The co occurent count of words in a tabular format-



Unnamed: 0,pm,time,government,today,policy,way,president,world,year,security
pm,0.0,1.0,0.0,0.0,1.0,0.0,0.0,0.0,0.0,2.0
time,1.0,0.0,0.0,1.0,1.0,0.0,4.0,4.0,1.0,3.0
government,0.0,0.0,0.0,0.0,0.0,0.0,1.0,1.0,0.0,0.0
today,0.0,1.0,0.0,0.0,2.0,0.0,0.0,0.0,1.0,2.0
policy,1.0,1.0,0.0,2.0,0.0,0.0,3.0,3.0,2.0,2.0
way,0.0,0.0,0.0,0.0,0.0,0.0,2.0,0.0,0.0,0.0
president,0.0,4.0,1.0,0.0,3.0,2.0,0.0,1.0,4.0,0.0
world,0.0,4.0,1.0,0.0,3.0,0.0,1.0,0.0,1.0,2.0
year,0.0,1.0,0.0,1.0,2.0,0.0,4.0,1.0,0.0,0.0
security,2.0,3.0,0.0,2.0,2.0,0.0,0.0,2.0,0.0,0.0


In [171]:
# Words which occur together the most 
max_row = 0
max_col = 0
max_val = 0
for i in range(10):
    for j in range(10):
        #finding value in matrix which is the maximum value
        if((co_matrix[i][j] > max_val) and (i is not j)):
                
                max_val = co_matrix[i][j]
                max_row = i
                max_col = j

for i in range(10):
    for j in range(10):
        if(co_matrix[i][j] == max_val):
            
            print("The words which occured the most together are '{}' and '{}' which occured {} times"
      .format(names[i],names[j], int(max_val)))

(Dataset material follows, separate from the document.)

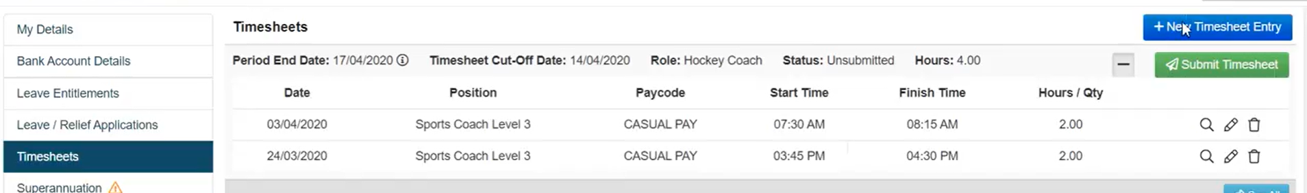 On the right-hand side menu, click on Timesheets, and select the blue button that says "+New Timesheet Entry".

The words which occured the most together are 'time' and 'president' which occured 4 times
The words which occured the most together are 'time' and 'world' which occured 4 times
The words which occured the most together are 'president' and 'time' which occured 4 times
The words which occured the most together are 'president' and 'year' which occured 4 times
The words which occured the most together are 'world' and 'time' which occured 4 times
The words which occured the most together are 'year' and 'president' which occured 4 times


We observe that time-president, time-world and year-president occurs the most together ( 4 times ). But they do not have high similarity meaning values.

Hence words with similar meaning dont have similar co occurence values.